Entre las clases más pobres, la monogamia era más común, no necesariamente por razones morales, sino porque simplemente no podían permitirse más de una esposa. Además, la poliginia generaba un desequilibrio: no había suficientes mujeres disponibles para todos los hombres. Muchos hombres sin esposa terminaban en el ejército o recurrían a la prostitución para satisfacer sus necesidades sexuales.
En resumen, durante la era agrícola existieron múltiples formas de organización matrimonial y sexual, determinadas en gran medida por el género y la clase social. No había un solo modelo universal de matrimonio.
Occidente, con su herencia romano-cristiana, ha practicado el matrimonio monógamo durante más de dos mil años. Históricamente, a las mujeres se les exigía exclusividad sexual, mientras que a los hombres —especialmente a los más adinerados— se les toleraban relaciones extramatrimoniales, siempre que respetaran las jerarquías sociales.

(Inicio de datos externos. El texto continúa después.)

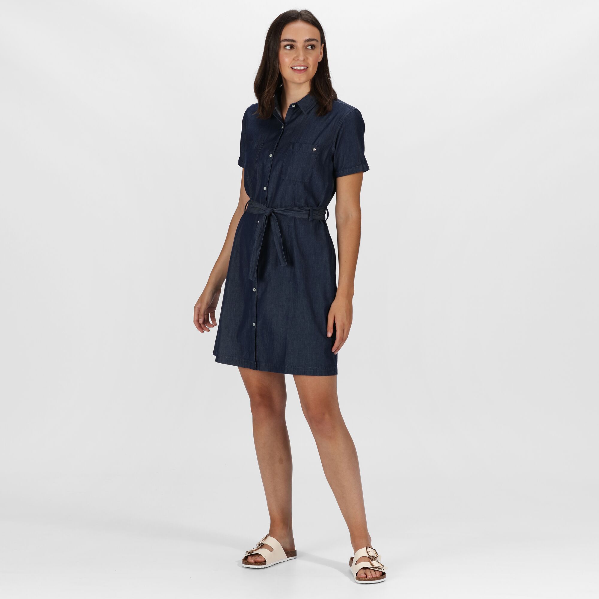 Klasický tvar, mimořádně měkká organická bavlna a úhledný střih dělají z těchto funkčních košilových šatů nezbytnost ve vašem šatníku. Díky barevně sladěnému textilnímu pásku, rozparku vzadu a "perleťovým" knoflíkem tvoří pohodlné a stylové oblečení pro denní prohlídky města nebo večeři na pláži.

Durante siglos, el matrimonio fue principalmente un acuerdo económico. Muchos matrimonios eran arreglados por las familias, sin considerar los deseos de los futuros esposos. El objetivo principal era conservar la riqueza y producir herederos. Aunque las personas podían enamorarse, el amor se consideraba una base poco confiable para una institución tan seria como el matrimonio.
No fue hasta los siglos XVIII y XIX que el debate entre casarse por amor o por conveniencia económica se volvió un tema central en la literatura y el pensamiento occidental. Para la primera mitad del siglo XX, la idea de que una pareja debía estar enamorada antes de casarse ya era ampliamente aceptada. Aun así, las expectativas eran muy distintas a las actuales.
Los roles de género estaban claramente definidos: el hombre proveía económicamente y la mujer se encargaba del hogar y la crianza. Esto reducía la necesidad de negociar responsabilidades, algo que hoy genera mucho estrés en las parejas modernas. Además, el matrimonio no era visto como la única fuente de apoyo emocional. Las personas contaban con redes amplias de familiares, amistades y comunidad.
En contraste, las parejas actuales suelen tener expectativas mucho más altas. Ya no buscan solo un compañero de vida, sino una “alma gemela” que satisfaga casi todas sus necesidades emocionales, afectivas y relacionales. Esto coloca una enorme presión sobre la relación de pareja.
Otro cambio importante ha sido el avance hacia la igualdad de género durante el último siglo. Los roles tradicionales han perdido fuerza: hoy muchas mujeres son el principal sostén económico del hogar y muchos hombres asumen un papel activo en la crianza. En lugar de roles predefinidos, cada pareja debe negociar cómo distribuir responsabilidades y expectativas.
Finalmente, un tema clave en el matrimonio moderno es la fidelidad. A diferencia del pasado, hoy se espera que tanto hombres como mujeres sean igualmente fieles. En ese sentido, la igualdad de género en el matrimonio se ha logrado, en parte, limitando la libertad sexual tradicionalmente permitida a los hombres para alinearla con las restricciones históricas impuestas a las mujeres.
Algunos plantean que la igualdad también podría lograrse ampliando la libertad sexual de las mujeres, una idea que sigue siendo controversial incluso entre ellas mismas. Este debate refleja que el matrimonio continúa evolucionando, adaptándose a nuevas realidades sociales, culturales y personales.